The Mongols conquered the steppes as far as the Lower Danube. They massacred or enslaved many Cumans, but significant Cuman groups survived and preserved their separate identity in the Mongol Empire until the end of the 14th century. The Holy See did not abandon the idea of proselytizing in Cumania after the Mongol invasion, and Pope Innocent IV praised the Dominicans for their successful missions to the Cumans in 1253. However, Pope Nicholas III mentioned in a 7 October 1278 letter that Catholics had disappeared from the Diocese of Cumania because no bishop lived there since the destruction of the episcopal see. The pope urged Philip, Bishop of Fermo (his legate in Hungary) to investigate the situation in the former bishopric.

Franciscan friars played an important role in Catholic missions to the lands east of the Carpathians. The Holy See had authorized the order to administer the sacraments, build churches and grant indulgences in Cumania in 1239, renewing the authorization six years later. Missionaries risked their lives in the lands subject to the Mongols in the first half of the 14th century; "Saracens" murdered Friar Pietro da Unghera near Transylvania in 1314, and Friars Blasius and Marcus were martyred in Siret in 1340.

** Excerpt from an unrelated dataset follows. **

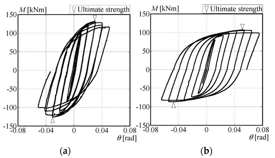 The loading amplitude was controlled by the column rotation. The amplitude was standardized by the full plastic rotation angle θp, which serves the beam to reach the full plastic moment Mp,b. The full plastic rotation angle θp is calculable as shown in Equation (11).

Pope John XXII considered restoring the bishopric in 1332. In a letter addressed to Csanád Telegdi, the Archbishop of Esztergom, he wrote that "the powerful of those lands" had seized the property of the Diocese of Cumania. Hoping to receive royal support for his plan, the pope decided to make the Franciscan Vitus de Monteferreo (Charles I of Hungary's chaplain) bishop of Milkovia. Although the pope confirmed Vitus's ordination two years later, no evidence exists that the bishop ever visited his diocese. Other bishops were ordained to the see of Milkovia during the next century, but their attempts to regain the properties of the Diocese of Cumania were unsuccessful.

== Territory and see ==
The borders of the Diocese of Cumania cannot be exactly determined. Roger of Torre Maggiore wrote that the Mongols crossed the Siret River before entering the Diocese of Cumania, which indicates that the river was the diocese's eastern border. A 1235 list of the Premonstratensians' houses in Hungary noted that "Corona" (now Brașov in Romania) was in the Cumanian diocese, suggesting that it included southeastern Transylvania. According to historian Victor Spinei, "Southeastern Transylvania was included within the bishopric most likely to secure a constant source of revenue from the collection of tithes for the emerging ecclesiastical structure during the first years after the conversion of the Cumans". Spinei wrote that the Trotuș River must have formed the diocese's northeastern border, and the Buzău River its southeastern frontier.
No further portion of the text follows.